Татьяна Ивановна Антипова, доброволец Проекта Гутенберг.
Сегодня мы хотим представить совершенно забытого в России писателя. Это Морис Метерлинк. Напрягите свою память, что вспоминается вам кроме «Синей птицы»? А между тем вот, что сообщает «Энциклопедический словарь»: "МЕТЕРЛИНК (Maeterlinck) Морис (1862-1949), бельг. драматург, поэт (на франц. яз.).

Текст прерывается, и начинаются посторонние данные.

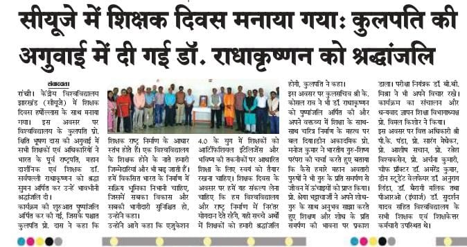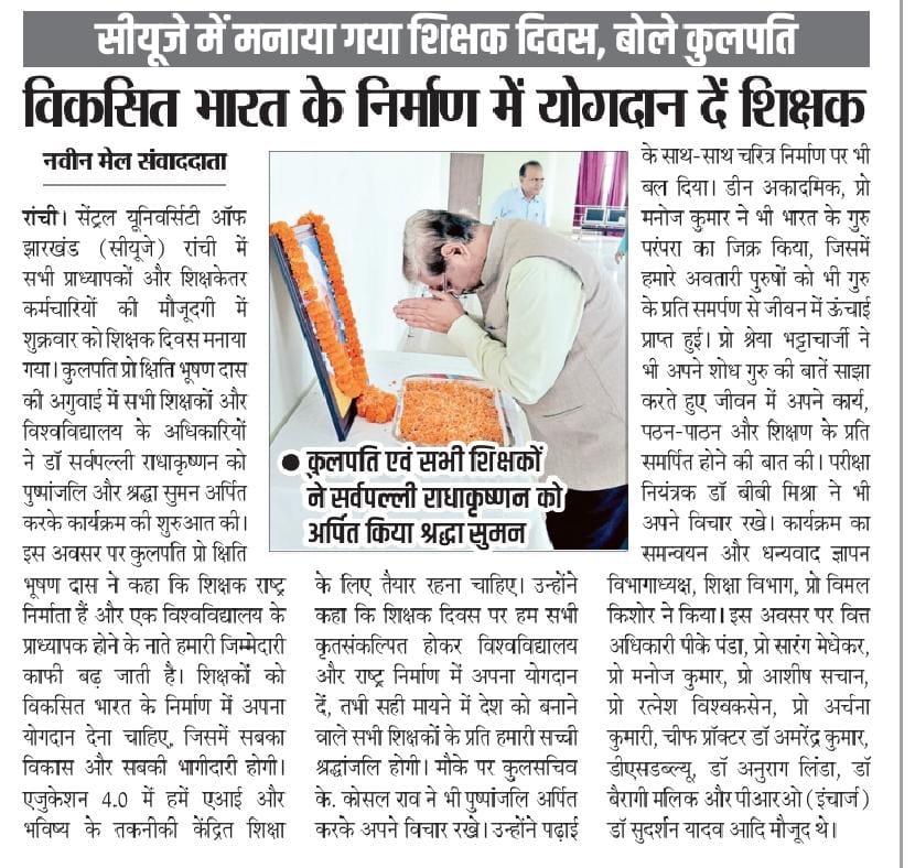 सीयूजे में मनाया गया शिक्षक दिवस, कुलपति की अगुवाई में सभी शिक्षकों ने डॉ. सर्वपल्ली राधाकृष्णन को श्रद्धा सुमन अर्पित किया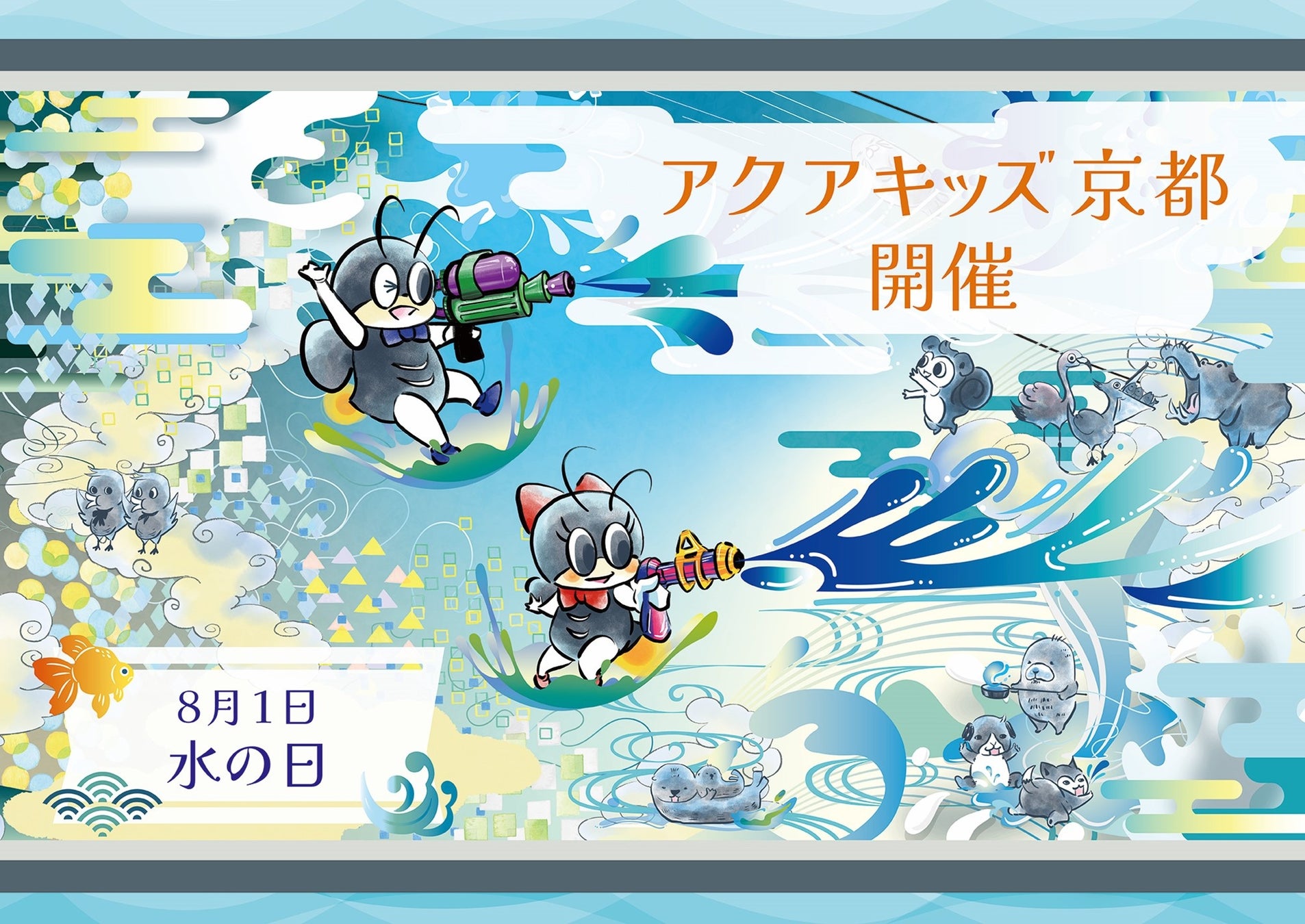 今回は、8月1日(火)の「水の日」に合わせ、 京都アクアリーナ(西京極総合運動公園プール)で、水鉄砲を使ったゲームや水にまつわるクイズなどを京都市上下水道マスコットキャラクター「すみとくん&ひかりちゃん」と一緒に実施するイベント「アクアキッズ京都」を開催します。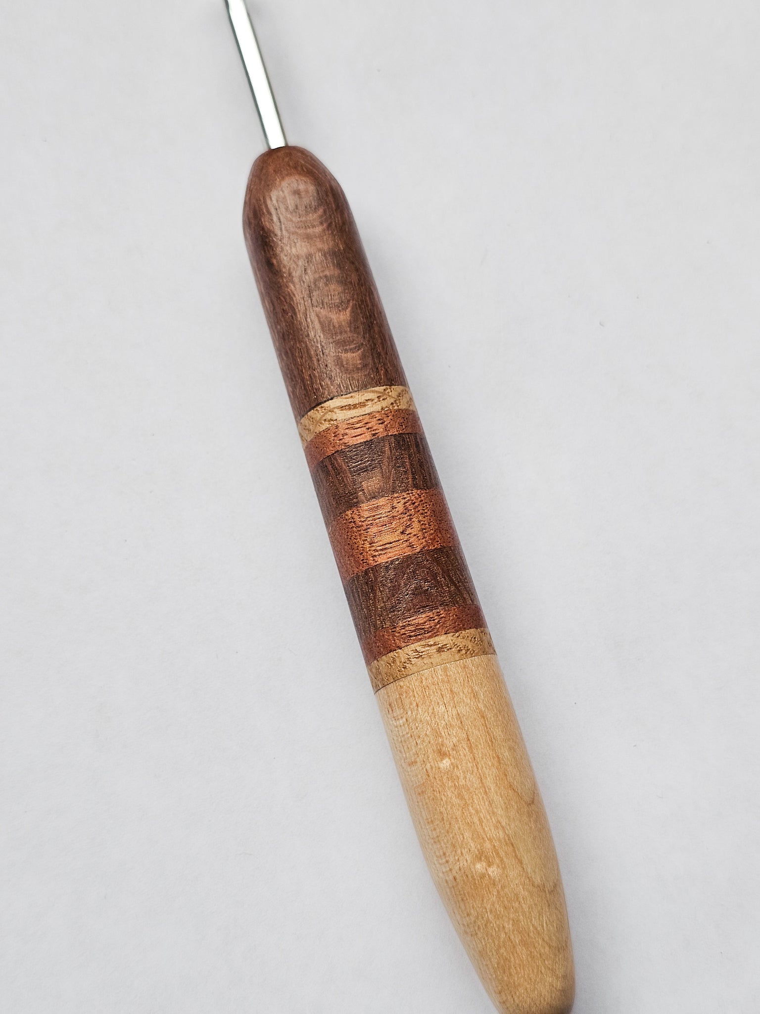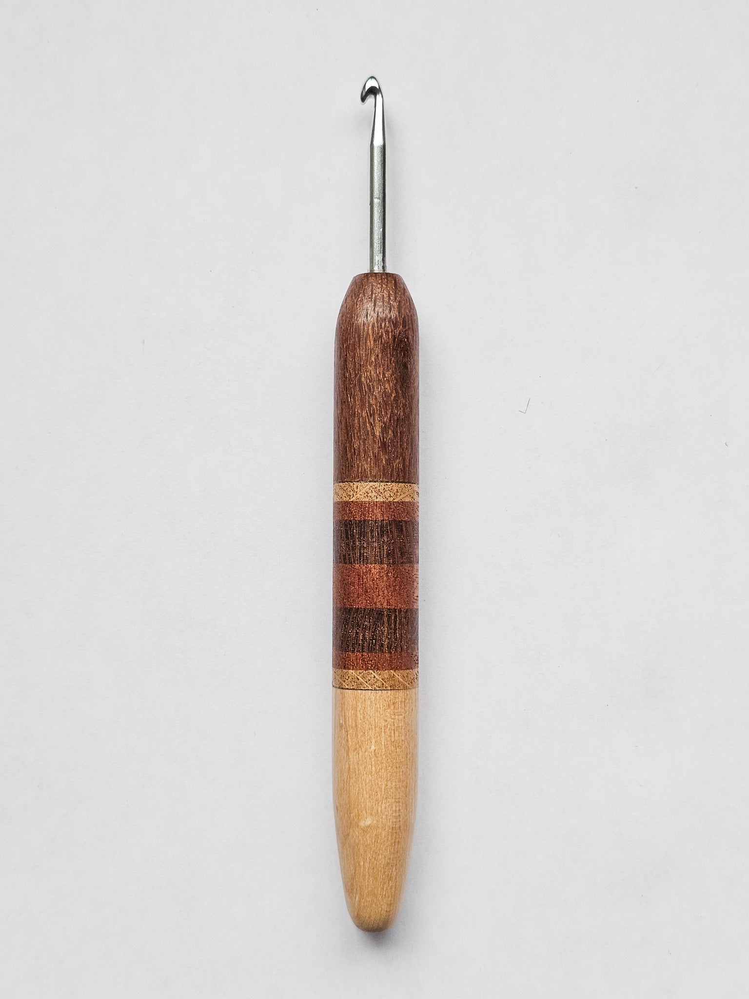 04.50mm Lacewood + Ash / Lacewood / Sapele Stripes + Birdseye Maple Metal Crochet Hook (Item #166)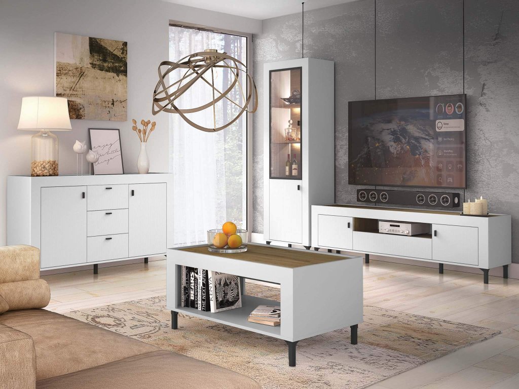 Konferenčný stolík Mossa je štýlový a praktický doplnok do vašej obývačky. Jeho moderný dizajn v kombinácii bielej farby a dubu whisky vytvára harmonický kontrast, ktorý sa hodí do každého interiéru. Horná doska stolíka je vo farbe dubu whisky a je prakticky ohraničená, čím zabezpečuje, že drobnosti ako diaľkové ovládače, poháre či dekorácie z nej len tak ľahko neskĺznu. V strede stolíka sa nachádza štýlový výrez, ktorý slúži ako úložný priestor pre časopisy, knihy alebo ďalšie potrebné veci, ktoré chcete mať po ruke.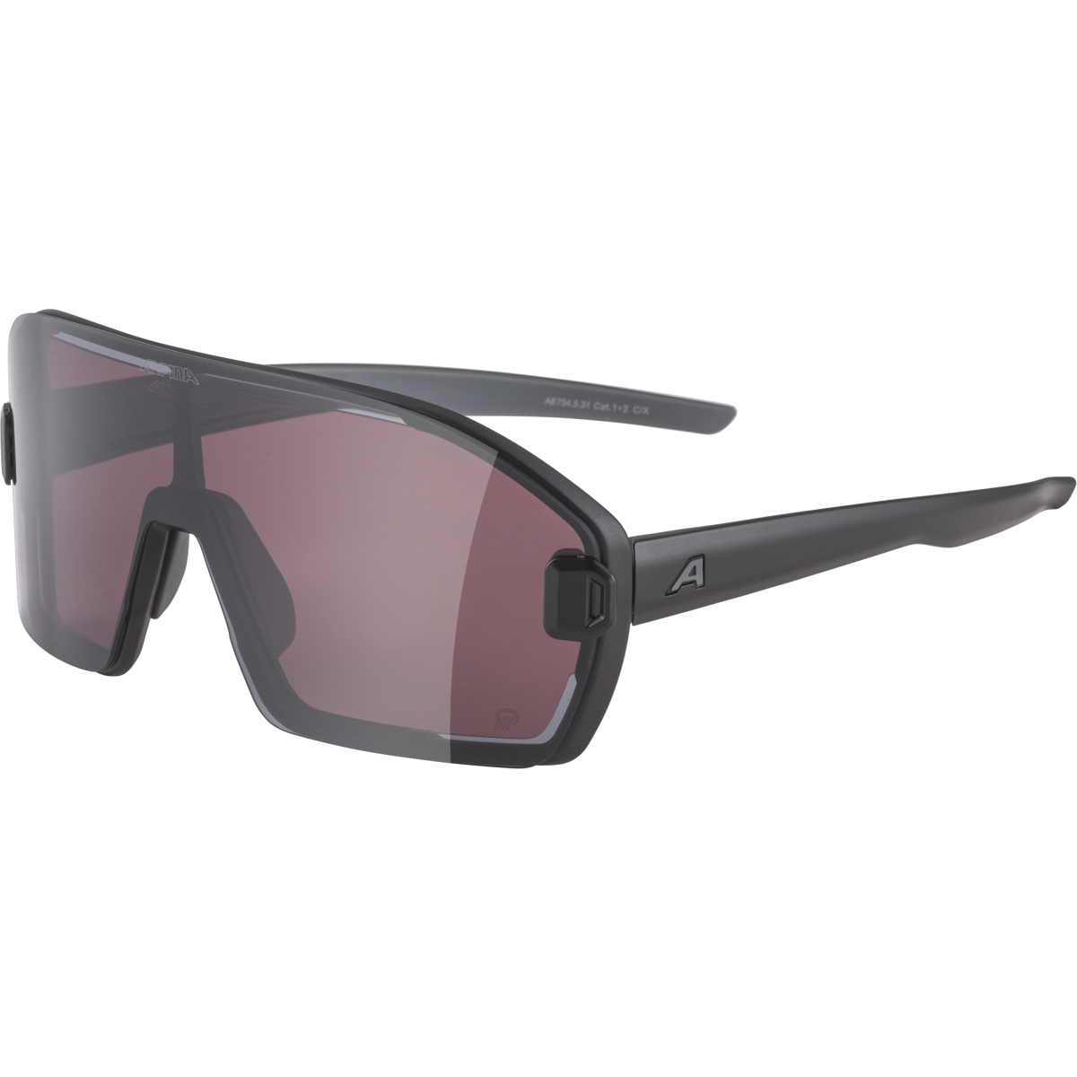 • monture: noir mat / verre: Q pink + black (miroité), catégorie de filtre: 1 + 3, translucidité: env. 10% (combiné)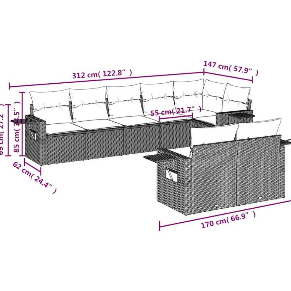 Cet ensemble de canapés de jardin est le complément parfait de votre arrière-cour, terrasse ou patio, offrant un espace confortable et accueillant pour discuter avec la famille et les amis ou simplement se détendre et profiter de l’extérieur. Matériau durable : la résine tressée, également connue sous le nom de poly rotin, est un matériau synthétique solide et nécessitant peu d’entretien qui ressemble au rotin naturel. Il est léger, facile à nettoyer et couramment utilisé pour les meubles d’extérieur en raison de sa durabilité et de ses propriétés de résistance aux intempéries. Table d’appoint pratique : ce mobilier d’extérieur comprend des tables d’appoint pliables avec un ressort à gaz sur les accoudoirs, offrant des endroits pratiques pour garder vos essentiels à portée de main. Expérience d’assise confortable : ce mobilier d’extérieur, doté de coussins épais, offre une expérience d’assise confortable. Housse amovible et lavable : ces coussins de siège sont dotés de housses amovibles pour un lavage et un entretien faciles.Conception modulaire : cet ensemble de meubles d’extérieur a une conception modulaire, ce qui le rend complètement flexible et facile à déplacer, afin que vous puissiez créer un agencement de meubles d’extérieur personnalisé. Bon à savoir :Pour que vos meubles d’extérieur restent beaux, nous vous recommandons de les protéger avec une housse imperméable.

Его символистская поэтика выражала протест против приземленности натурализма. Пьесы «Сестра Беатриса» (1900), «Монна Ванна» (1902), «Синяя птица» (1908). Ноб. пр. (1911)." Заключительная абракадабра означает «всего лишь» Нобелевскую премию 1911 года. Для сравнения: Иван Алексеевич Бунин — Нобелевский лауреат 1933 года, хотя родился всего на 8 лет позднее. А вот из «Малой Энциклопедии» 1937 года: «...М. — один из создателей символич. драмы, дающей „трагическое в повседневности“». Он написал множество драм, среди первых: «Слепые» (1890), «Непрошеная гостья», «Пеллеас и Мелисанда», «Там внутри» (1894), позднее написаны «Ариана и Синяя борода», «Сестра Беатриса», «Чудо св. Антония» (1903), «Синяя птица» (1908); сборники этюдов «Сокровища смиренных» (1896), «Мудрость и судьба». А это разгадка замалчивания в той же «Малой...»: «После Мировой войны (первой) М. примыкает к наиболее реакционной буржуазии (в 1995 следует читать: передовой интеллигенции). Собрание сочинений, 4 тт., П., 1915.» Эпоха замалчивания закончилась тем, что в автобиографической справке к изданной в 1992 году книге Максимилиана Волошина «Путник по вселенным» Метерлинк назван... французским (?) поэтом, драматургом, прозаиком. Передо мной чудом сохранившиеся в нашей семье, местами неразрезанные (как в Пушкинские времена) тетрадки, оставшиеся от четырех томов выше— упомянутого Собрания 1915 года. Вот оглавление IV тома: «Мария Магдалина», пьеса; «Чудо святого Антония», сатирическая легенда, сборники этюдов: «Двойной сад», «Разум цветов», «Смерть». Названия этюдов чрезвычайно современны: «Всеобщая подача голосов», «Женский портрет», «Боги войны», «Наша социальная обязанность», «Вопросы, на которые нет ответа». Вот фраза, касающаяся книги «Мудрость и судьба», из статьи о Метерлинке в словаре Брокгауза и Эфрона: «...на самом превосходном языке... умереннный стоицизм, как условие счастья». Метерлинк ведет по нехоженым тропинкам к сияющей вершине чистого разума, так что и при чтении перевода (кстати прекрасного с точки зрения русского языка) с непривычки может закружиться голова. Приходится только пожалеть, что много поколений интеллигенции не были знакомы с таким литературным феноменом.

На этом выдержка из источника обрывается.